Sample collection instructions:

- Place 1 mL 0.9% saline into an EDTA tube (no Serum-Z, CAT, SST or gel)

- Add 0.1 mL of serum from the patient, or another animal of the same species

- Aspirate the organ (collect from multiple areas with multiple aspiration attempts) and gently expel contents into saline/serum tube

- Rinse residual cells from the syringe by drawing up saline/serum mixture and gently expel back into the tube.

- Repeat aspiration and rinsing until the saline/serum solution looks slightly turbid

- If sample remains clear, then repeat the organ aspiration and rinsing steps

Comments:

• For optimum viability, submit samples within 48 hours of collection. Blood samples sent within 4 days and tissue samples within 72 hours from collection may be acceptable but not optimal due to reduced cell viability.
• Samples should be refrigerated immediately after collection. DO NOT FREEZE THE SAMPLES.
• Ideally, chemotherapy should be avoided in patients prior to the first immunophenotyping test when using flow cytometry, as antigens can be downregulated with treatment.
• Poorly cellular samples (including most CSF samples) may not be diagnostic.

Von Willebrand Disease (vWD) is the most common inherited haemorrhagic disorder in dogs. To date it has been recognised in more than 54 breeds of dogs, with a high prevalence of the disease (15-60 % of animals tested) in Scottish Terriers, Pembroke Welsh Corgis, Shetland Sheepdogs, Miniature Schnauzers, Rottweilers, Golden Retrievers and Dobermanns.

A deficiency in, or an abnormality of, vWf will affect primary not secondary haemostasis, and manifests as a “platelet defect”, i.e. haemorrhage from mucosal surfaces. The coagulation cascade is not usually affected, therefore the prothrombin time (PT) and activated partial thromboplastin time (APTT) are almost always normal in canine vWD.

A diagnosis of vWD and Haemophilia can potentially be made via genetic testing (see https://www.orivet.com) or via measurement of von Willebrand factor Antigen (vWf:Ag) and relevant coagulation factor concentrations.

This protocol applies to vWf:Ag and specific coagulation factor testing (e.g. Factor VIII and IX), and is performed at the University of Melbourne.

Species: Canine

Collection protocol:

• Refer to comments below for contraindications to vWf testing.
• The dog should be fasted for about 12 hours beforehand.
• A resting sample should be collected. Excitement must be minimised. Sedation can be used if needed.
• Collect a minimum 1.3mL of blood in Sodium citrate. Ensure that the tube is filled correctly to avoid sample rejection. Underfilled and overfilled tubes are unacceptable.
• Centrifuge the sample as soon as possible.
• Transfer plasma to a plain plastic tube using a plastic pipette. Label the tube with the patient name and ‘Plasma’.

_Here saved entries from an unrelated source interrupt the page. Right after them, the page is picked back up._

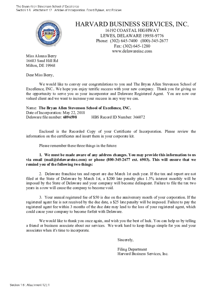 HARVARD BUSINESS SERVICES, INC. 16192 COASTAL HIGHWAY LEWIS, DELAWARE 199589776 Phone: (302) 6457400 (800)3452677 Fax: (302) 6451280 www.delawareinc.com Miss Along Berry 16683 Sand Hill Rd Milton,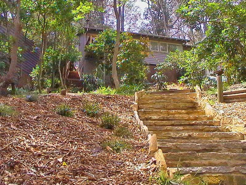 The grounds feature an impressive set of sandstone and timber steps linking with timber decks which lead you to the home.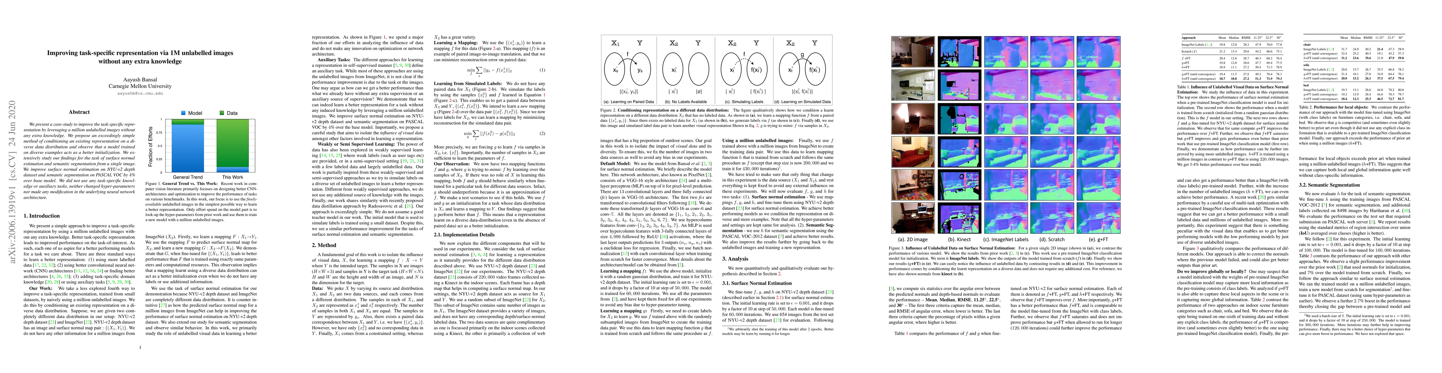 Using 1M unlabelled images improves task-specific representation without extra knowledge, boosting performance in surface normal estimation and semantic segmentation tasks.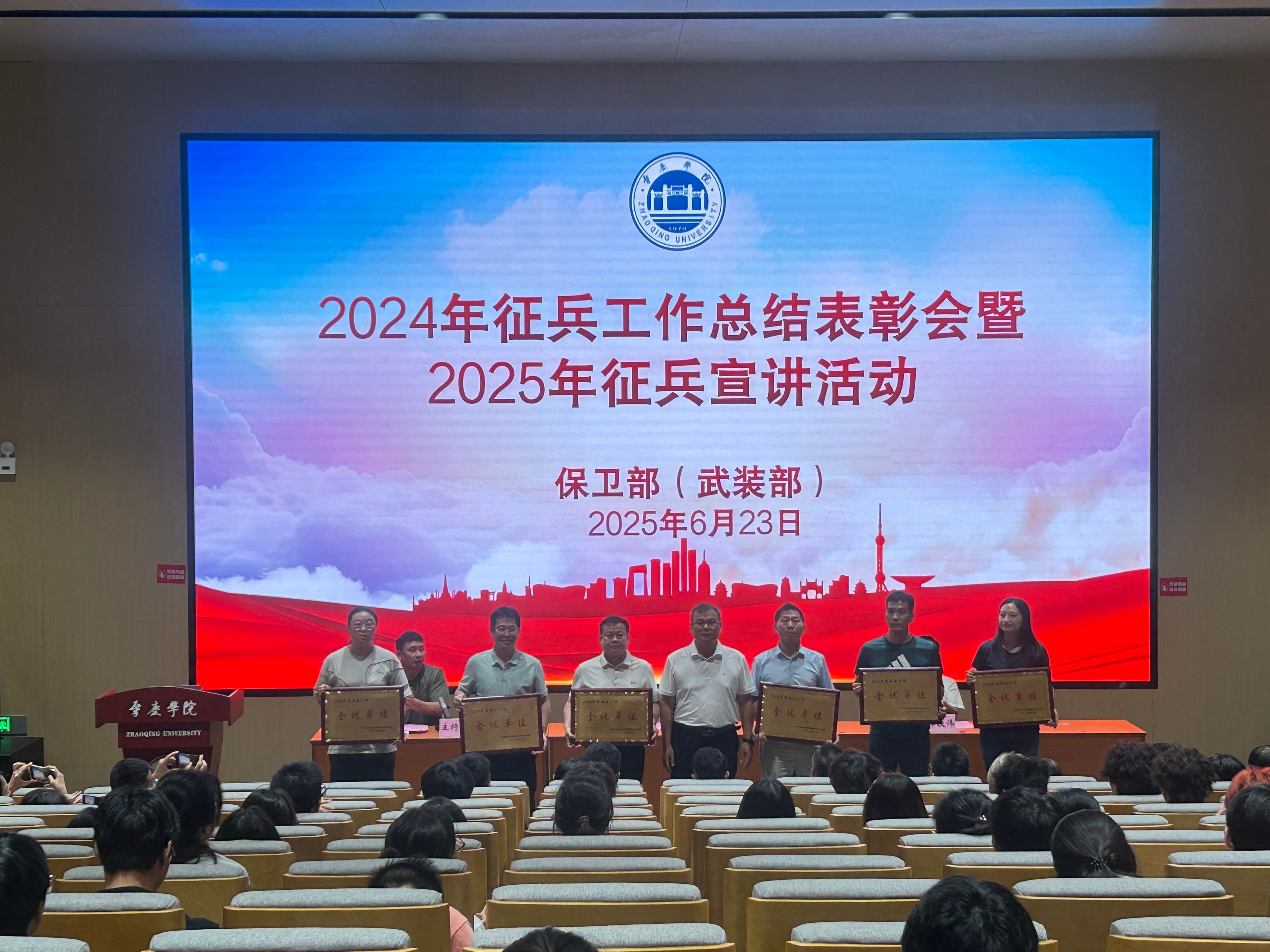 会议对2024年度在征兵工作中表现突出的集体和个人进行通报表彰。经济与管理学院等6个学院荣获“征兵工作全优单位”称号,体育与健康学院等8个学院荣获“征兵工作先进单位”,卢若蒙、查正辉等14名老师被评为“征兵先进个人”。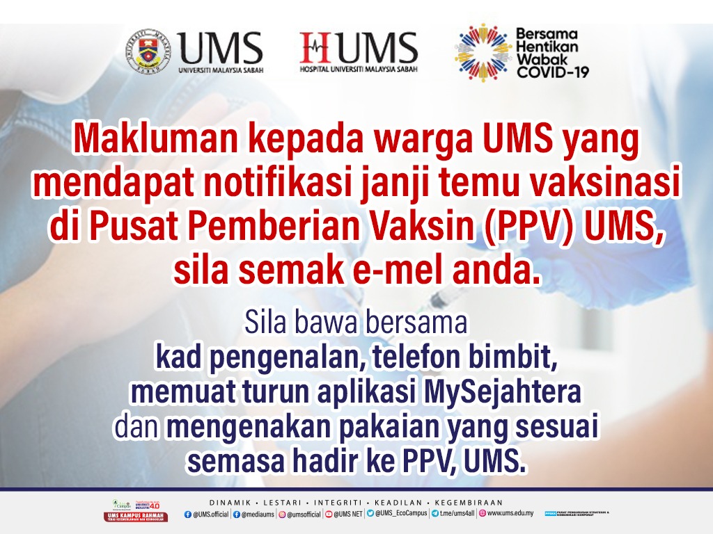 Kementerian Pengajian Tinggi (KPT) telah mengumumkan bahawa Universiti Malaysia Sabah (UMS) akan menjadi salah sebuah Pusat Pemberian Vaksin (PPV). Operasi PPV UMS akan bermula pada 14 Jun 2021 (Isnin) di Kompleks Dewan Kuliah Pusat ke-2 (DKP13 dan 14), UMS.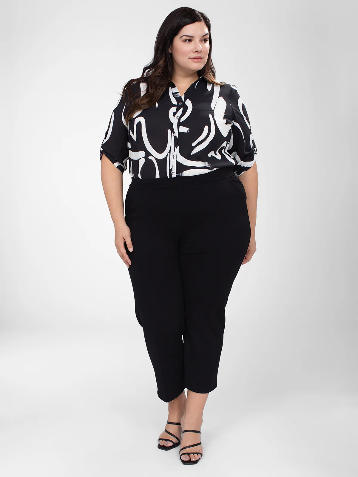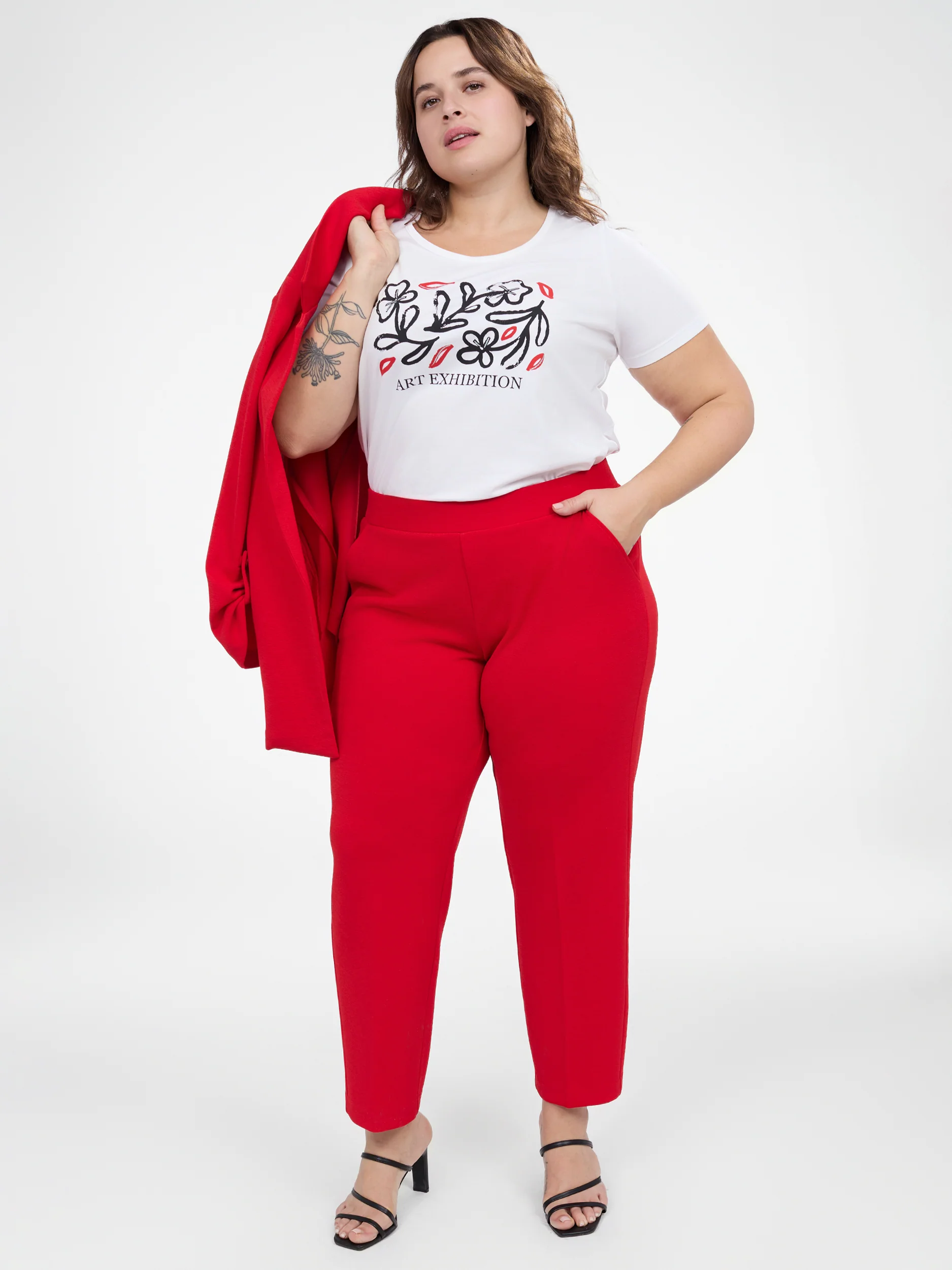 Ce pantalon taille plus est un essentiel polyvalent, parfait pour un look habillé ou plus décontracté. Sa coupe flatteuse et son tissu souple épousent vos formes tout en offrant une liberté de mouvement appréciable.
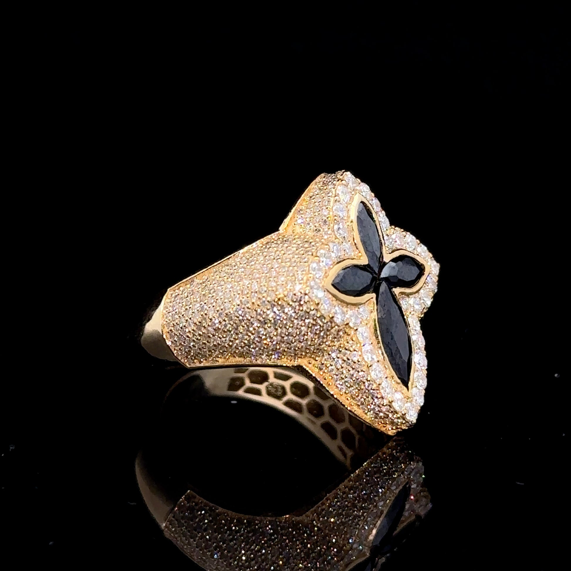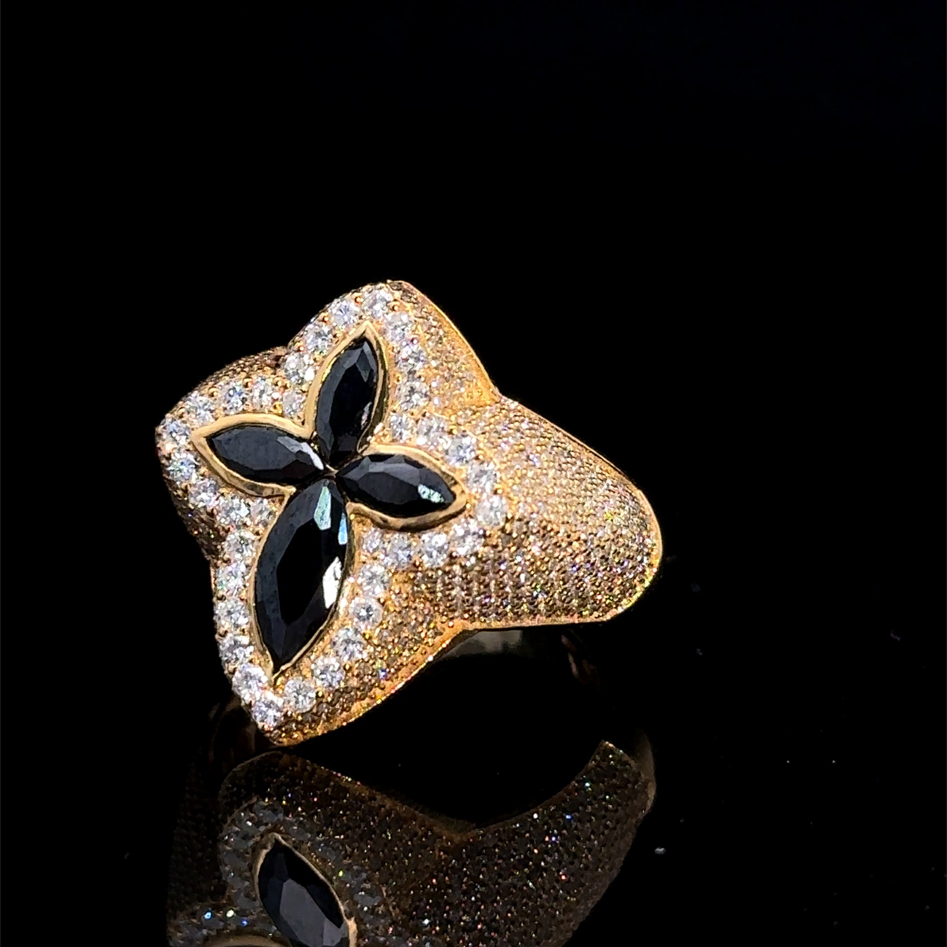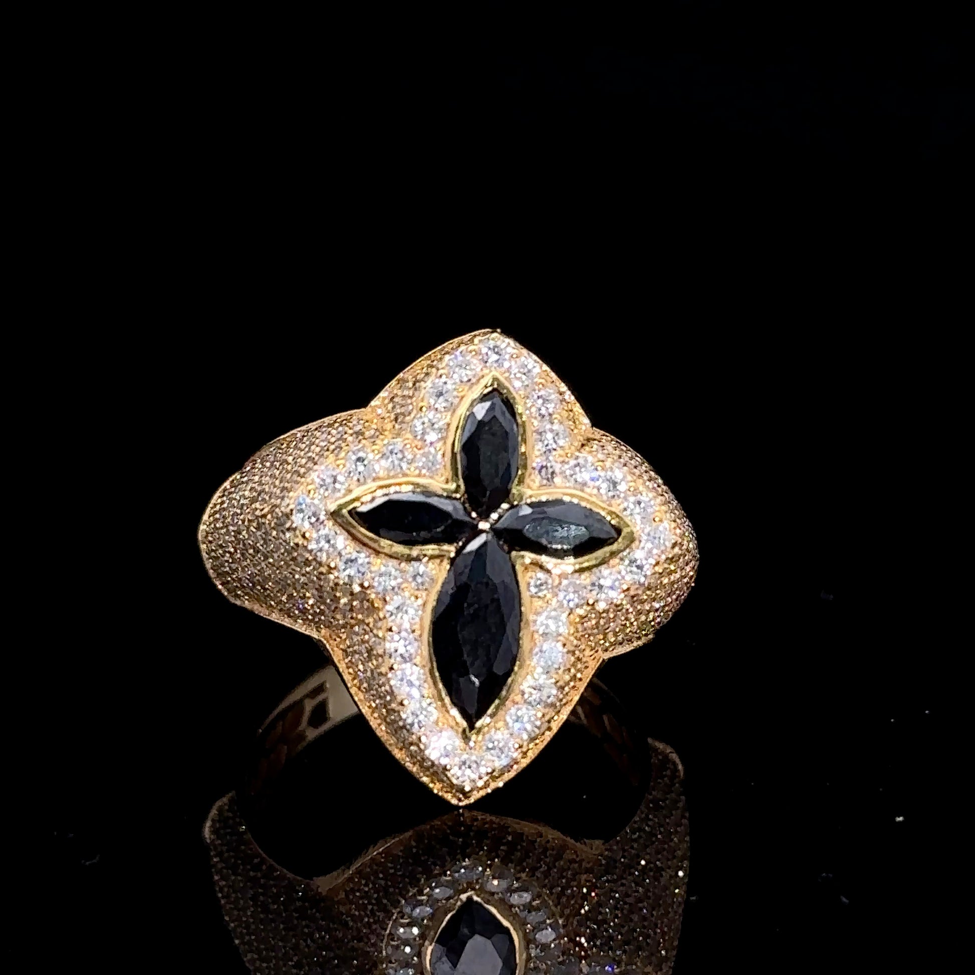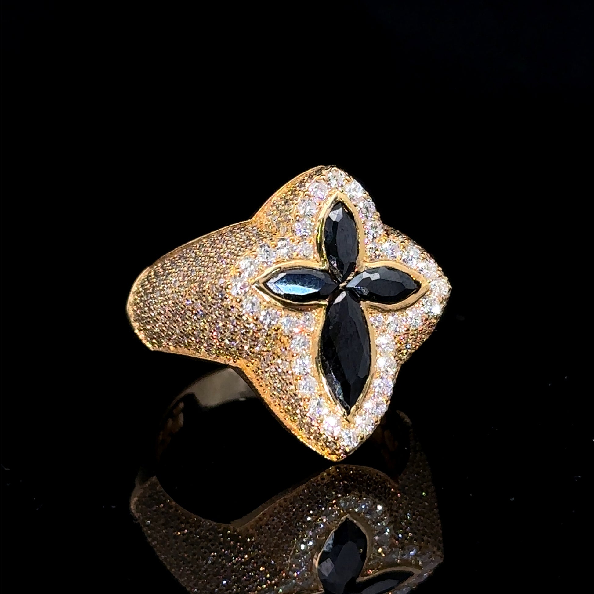 Yellow gold and diamond Cross Ring with Dark Fancy Pear Cut Gem Stones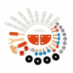 Il comporte de nombreux accessoires pour inventer des objets à monter et à démonter à l’infini, au gré de l’imagination de votre enfant : 3 outils magnétiques et 40 accessoires (boulons, écrous, vis, rondelles, plaquettes …), un étau, une horloge pour apprendre l’heure, un tableau pour écrire à la craie et une fiche pour reconstituer une voiture de course.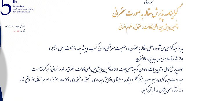 نمایه مشاغل حقوقی سایت صلح؛ مرجع حقوقی ایران به صورت دوره ای بروز رسانی می شوند. با این وجود این امکان وجود دارد که در فواصل بروز رسانی مجوزها و وضعیت شغلی برخی از متخصصین درج شده در وبسایت دستخوش تغییر شده باشد. بنابراین از شما خواهشمندیم هنگام مراجعه به متخصصین از صحت و تمدید مجوزهای شغلی مربوطه اطمینان حاصل فرمایید. بدیهی است که صلح؛ مرجع حقوقی ایران هیچ گونه مسوولیتی در این مورد برعهده نمی گیرد.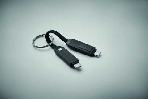 OPIS: Brelok z kablem do ładowania i transmisji danych o mocy 60 W. Złącze typu C do typu C z ekranem LED z funkcją wyświetlania mocy ładowania. Zapięcie na magnes.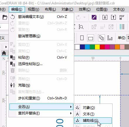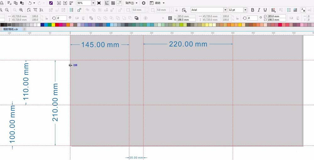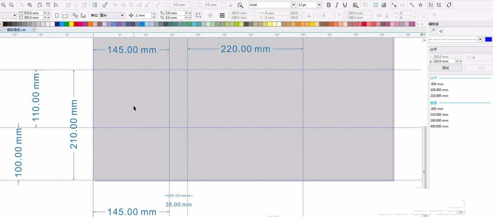 5、信封 .ctrl+j調出選項菜單-->文檔-->輔助線-->水平:0;210;100;添加;添加;垂直:0;145;180;400;添加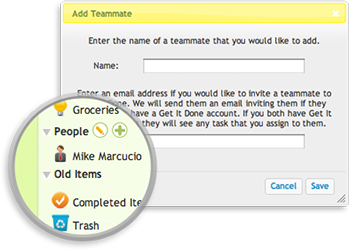 Do you need to delegate tasks to people you work with or even your spouse? Get It Done makes it easy to do with our 'People' feature.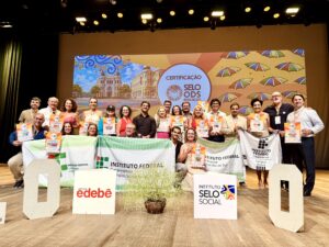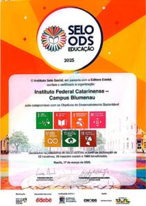 O Instituto Federal Catarinense (IFC) Campus Blumenau está entre as 129 instituições de ensino certificadas com o Selo ODS de Educação 2025. O reconhecimento nacional é concedido a organizações educacionais, públicas e privadas que desenvolvem iniciativas alinhadas aos Objetivos de Desenvolvimento Sustentável (ODS), além de estimular a participação em ações que auxiliem no alcance das metas da agenda 2030, especialmente o ODS-4: Educação de Qualidade. A cerimônia ocorreu na noite desta quarta-feira (18/03), no Teatro Luiz Mendonça, em Recife, Pernambuco.

**Under no circumstances should the plasma be transferred to a clot activator tube (with or without gel, labelled eg SST, CAT, serum separator, Serum-Z) or any other blood collection tube. Please do not transfer plasma back into a sodium citrate tube. A plastic urine jar is suitable if a plain plastic tube is not available. **

• The plasma should be kept cool, i.e. 4˚C, after collection and in transit to the laboratory. An esky with ice packs to keep the sample chilled is ideal. Transfer the sample to the laboratory as soon as possible (within 24 hours). If there is to be a longer delay, the sample should be frozen. Frozen plasma samples are stable at -20˚C for at least a month. Such samples must remain frozen when transferred to the laboratory, i.e. transport on dry ice.
• If a centrifuge is not available and a whole blood sample is being transported to the laboratory, the sample should be wrapped in cotton wool or newspaper and placed in an esky with ice packs. The sample should not rest directly on the ice packs as this will cause haemolysis.

Comments:

Avoid collecting blood from dogs that are in heat, pregnant or lactating. These physiological conditions may alter von Willebrand factor (vWf) values.

Avoid collecting blood from a sick animal or one that has recently had surgery or a bout of serious haemorrhage. Please wait until 6 weeks post haemorrhage to sample for vWD.   von Willebrand factor concentration may increase in response to stress, inflammation, acute haemorrhage and infection because it is an acute phase reactant.

A comprehensive information sheet for von Willebrand Disease in Dogs is available, upon request.